Results show that Ovis-Image achieves the highest overall score of 0.521, outperforming all other models across multiple evaluation dimensions including alignment, text rendering, and diversity. Despite having a smaller parameter count than several baselines, Ovis-Image demonstrates superior performance in text-related tasks, particularly in text rendering and bilingual generation, while maintaining a more efficient computational footprint.

The authors use a modular architecture for Ovis-Image, with the total model size amounting to 10.02 billion parameters, composed of 7.37 billion from MMDiT, 2.57 billion from the Text Encoder, and 0.08 billion from the VAE. The Text Encoder is pre-trained on AIDC-AI/Ovis2.5-2B, while the VAE is pre-trained on black-forest-labs/FLUX.1-schnell, indicating a design focused on parameter efficiency and modular pre-training.

Results show that Ovis-Image achieves the highest word accuracy across all regions on the CVTG-2K benchmark, with an average score of 0.9200, outperforming all compared models. It also attains the best NED and CLIPScore, confirming its superior text rendering capability.

Results show that Ovis-Image achieves competitive performance across multiple text-to-image benchmarks, particularly excelling in single object generation with a score of 1.00, while maintaining strong overall performance despite its smaller parameter size. The model demonstrates superior efficiency in inference time and GPU memory usage compared to larger baselines, highlighting its effectiveness in resource-constrained environments.

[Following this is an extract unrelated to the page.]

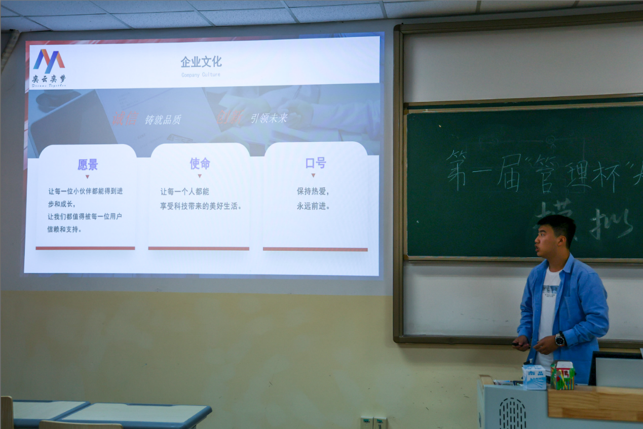 “奕云奕梦队”队长工商2201李军豪介绍本公司logo和文化

Results show that Ovis-Image achieves the highest text rendering performance with a score of 0.914, outperforming all other models in the text dimension while maintaining strong overall generation quality. The model also demonstrates superior efficiency, requiring significantly less GPU memory and inference time compared to larger baselines, making it a practical solution for resource-constrained environments.